Гляжу на Аарона в некотором смятении и чувствую скрытый укол в его такой приятной улыбке. При этом закрадывается в мою душу странное чувство вины. Может, в этих словах Аарона скрыт упрек в том, что я оторвал Айю от их троицы и нарушил их отношения?
«Нет, – говоря, как человек, не ощутивший никакого подвоха, – Айя не говорила мне, дано ли ей какое-то задание».
«Странно».
«Почему это?
«Мы были уверены, что вы ничего не скрываете друг от друга».
«Никаких таких обязательств в отношении дуг друга у нас не было», – говорю сердито.
«Чего ты сердишься?» – обращается ко мне Аарон и загадочная, улыбка освещает его лицо.
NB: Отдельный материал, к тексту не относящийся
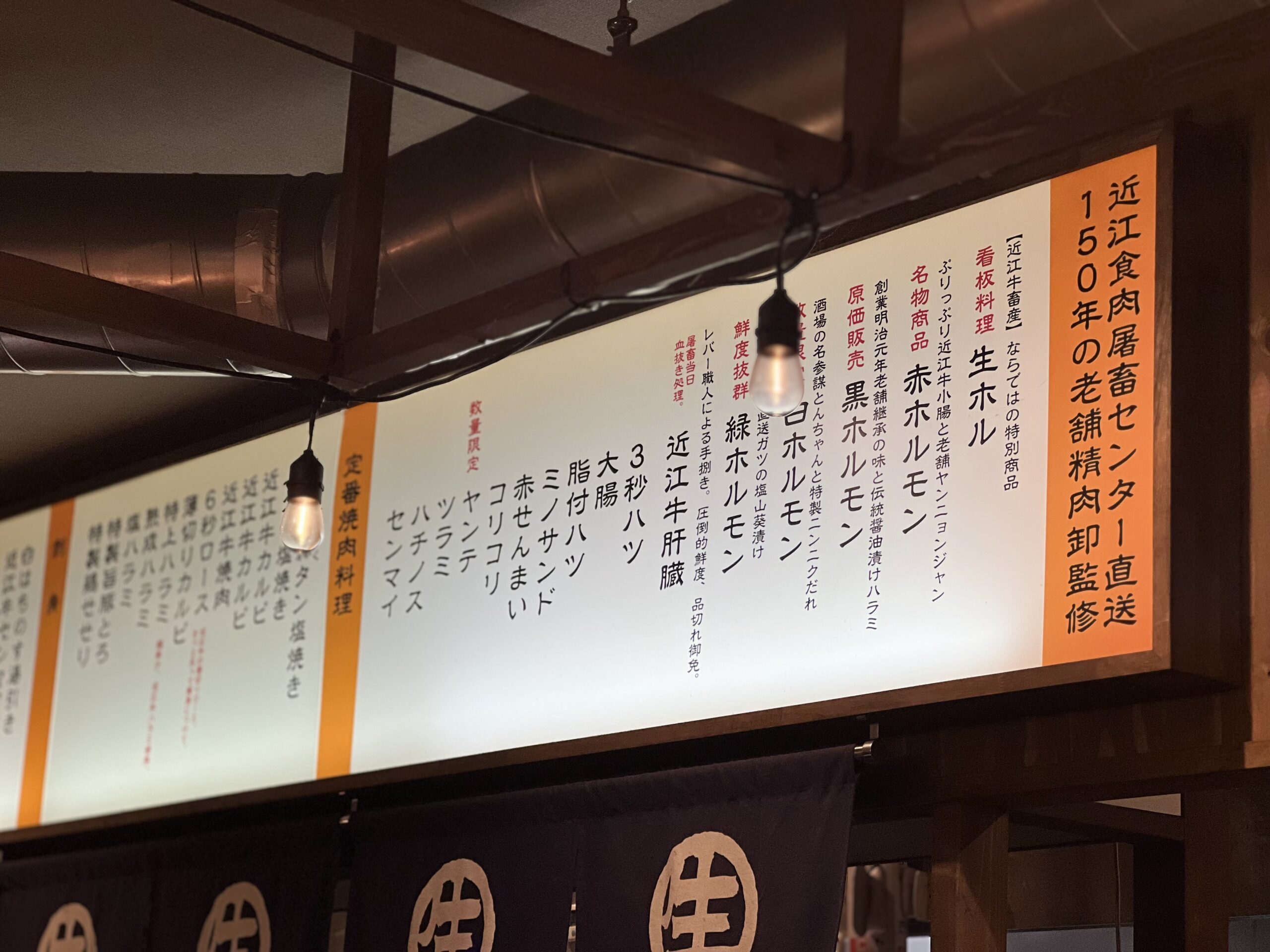 新鮮な近江牛の赤身とホルモン、そして逸品や〆まで楽しめる焼肉処です。
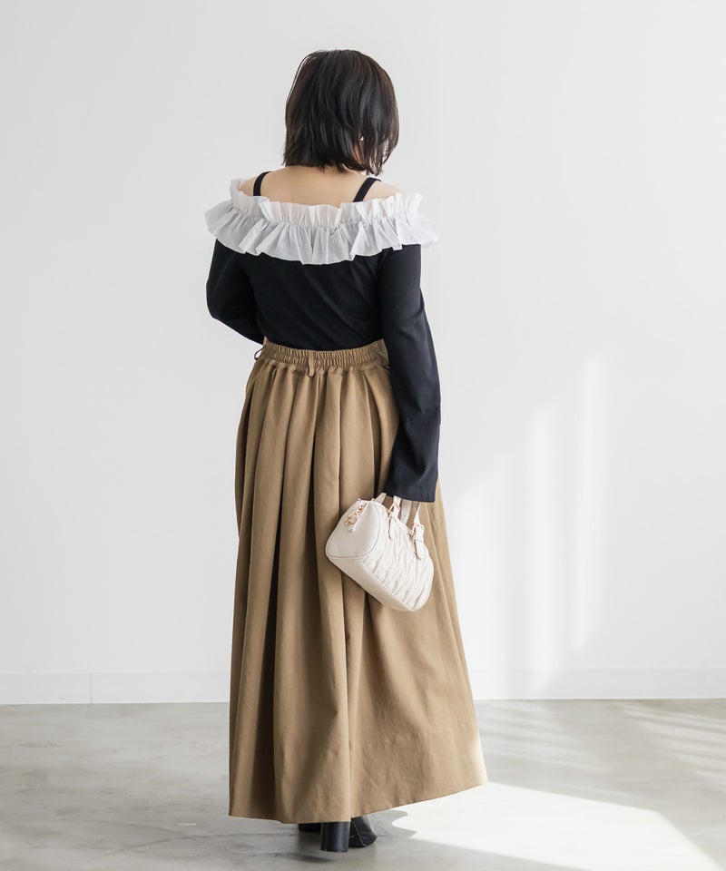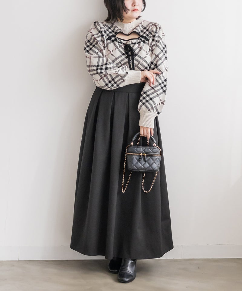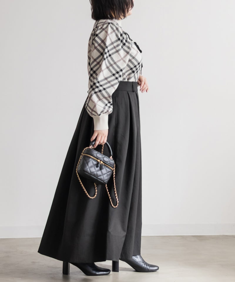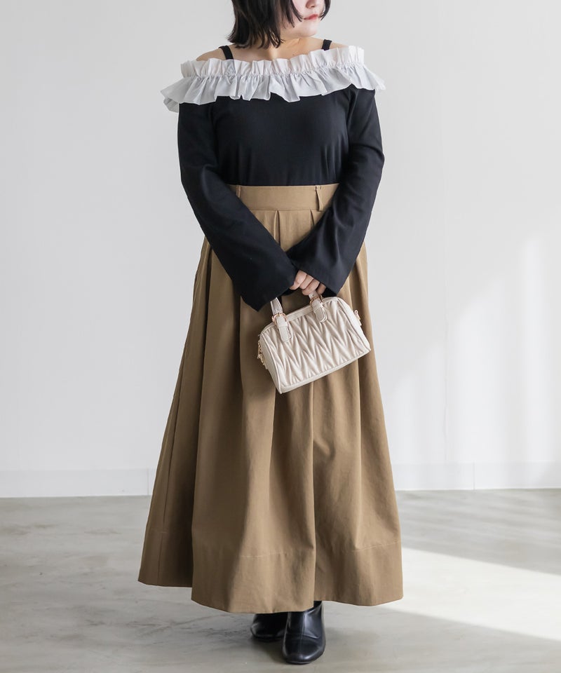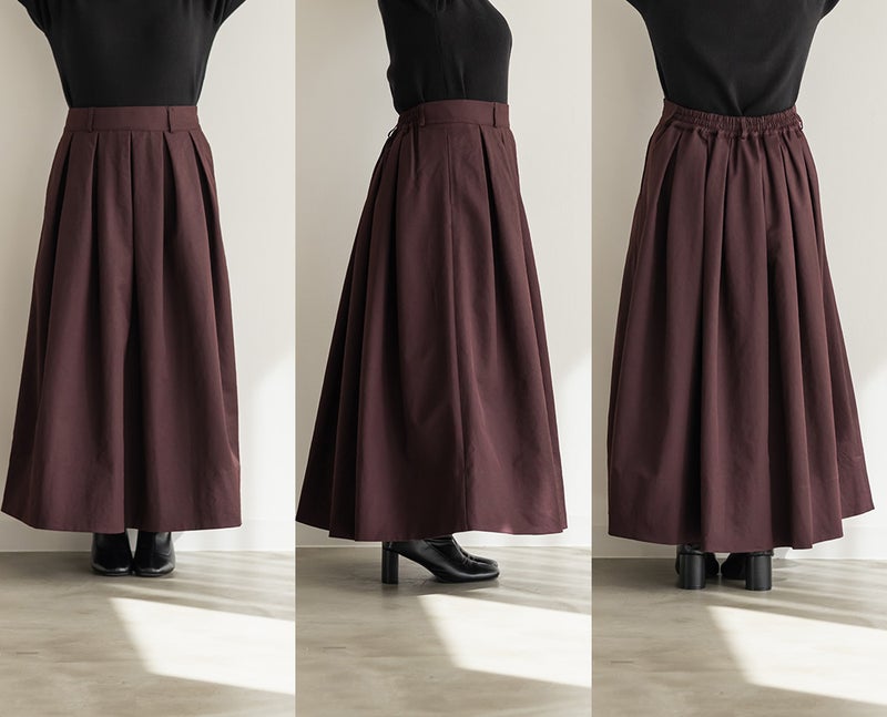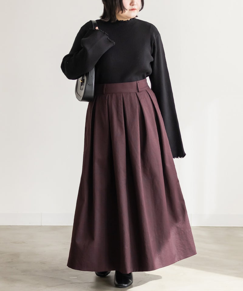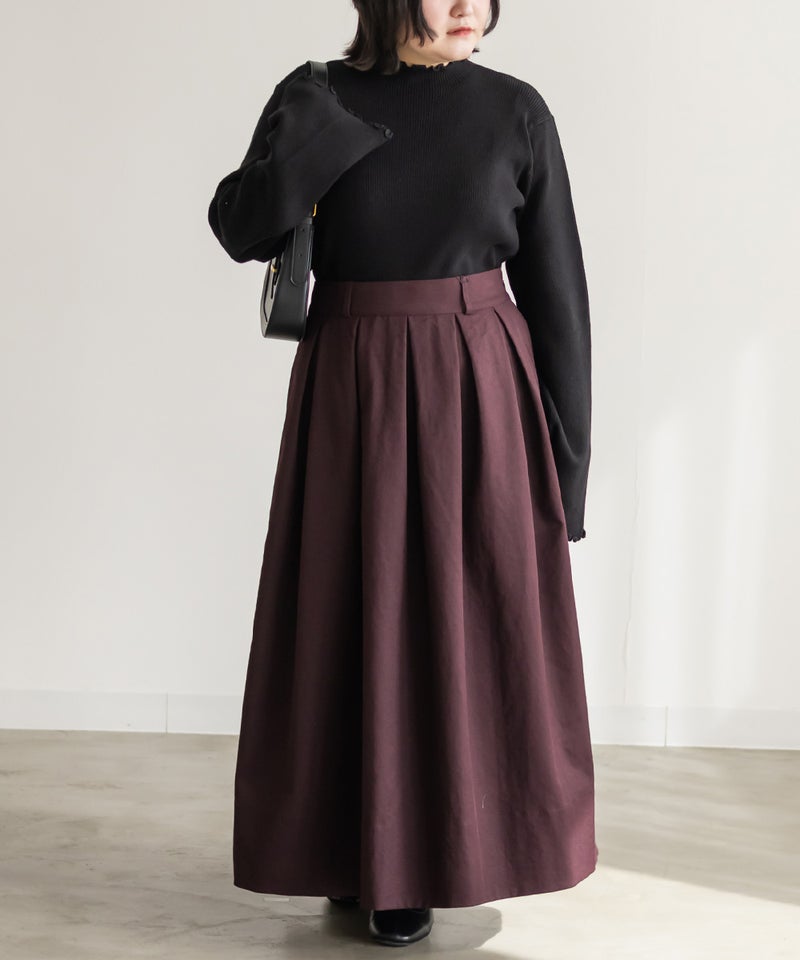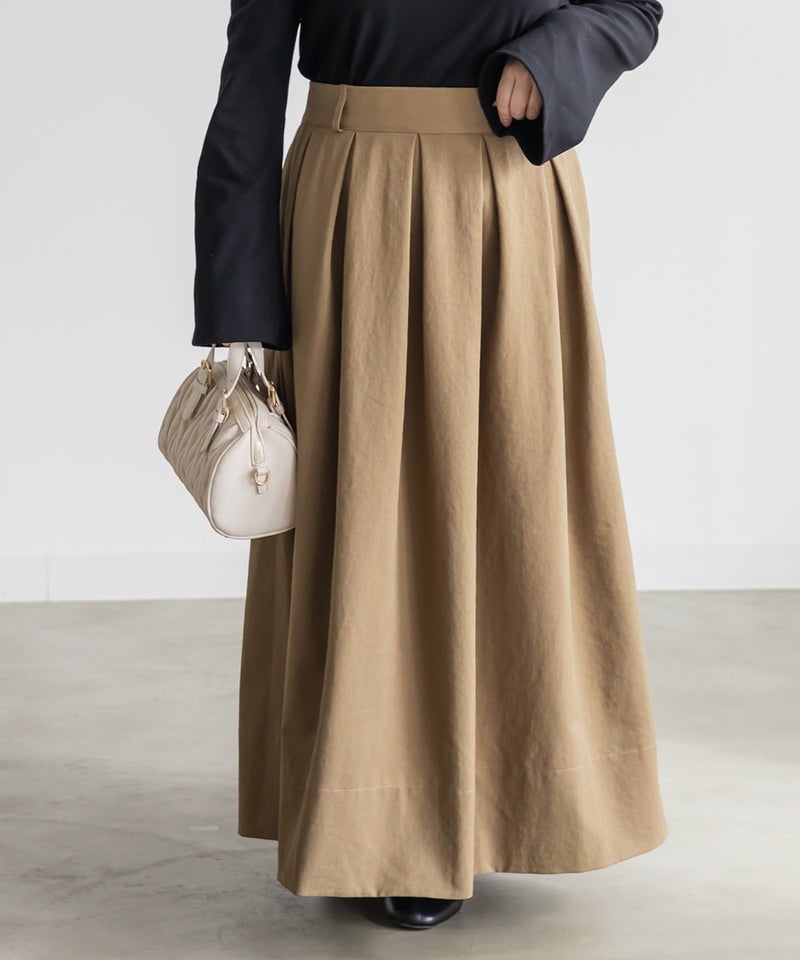 LLサイズを着用してぴったりの着心地でした。ウエストは巾広い後ろゴム仕様なので窮屈感のない着心地です◎ファスナーもついているので着脱もらくちん♪たっぷりとしたタックがお腹やお尻をすっぽりカバーしてくれて、ウエストをしっかりキュッと引き締めてくれるデザインです。お腹周りはフレアシルエットがすっきりとカバーしてくれるので華奢見えが叶います♪たっぷりの生地感が歩くたびにゆれて女性らしく綺麗なシルエットです!今っぽいデザインのスカートでオールシーズン使えるのも高ポイントです。
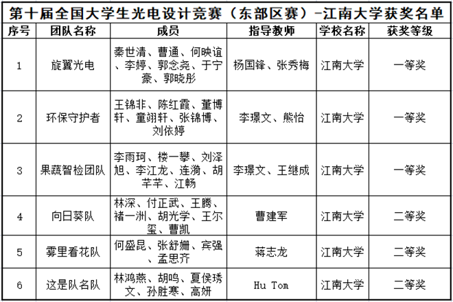 近日,第十届全国大学生光电设计竞赛(东部区赛)获奖名单公布,江南大学理学院3支队伍斩获一等奖并晋级国赛,3支队伍取得二等奖,此次入围国赛的队伍和获奖数量均创新高。
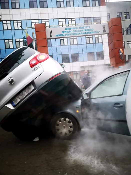 Gândul LIVE. Accident ca acesta nu s-a mai văzut în București! În ce poziție a rămas o mașină după o tamponare în centrul Capitalei
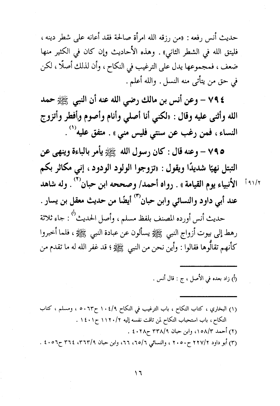 حديث أنس رفعه: "من رزقه الله امرأة صالحة فقد أعانه على شطر دينه، فليتق الله في الشطر الثاني". وهذه الأحاديث وإن كان في الكثير منها ضعف، فمجموعها يدل على الترغيب في النكاح، وأن لذلك أصلًا، لكن في حق من يتأتى منه النسل. والله أعلم.
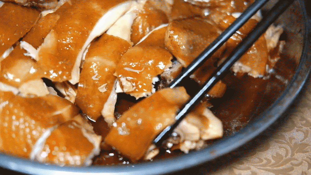 例如这道豉油鸡,以传统手法一遍一遍往鸡身热浇豉油至全熟,选的鸡种偏瘦,鸡皮薄而嫩滑,能更快速地渗透豉油香气。

И я не могу понять, какие мысли скрывает мой товарищ за этой улыбкой.
«Я не сержусь», – ответил я, сам не веря тому, что сказал, – только мне казалось, что…»
«Говори прямо, что тебя мучает», – с той же с улыбкой сказал Аарон, но трудно было понять, искренен он или улыбается по привычке – быть приятным каждому собеседнику.
«Мне показалось, что вы недовольны моей дружбой с Айей», – сказал я и посмотрел на горы, чтобы не столкнуться со взглядом Аарона.
«Ты совершенно не прав», – говорит он со всей серьезностью.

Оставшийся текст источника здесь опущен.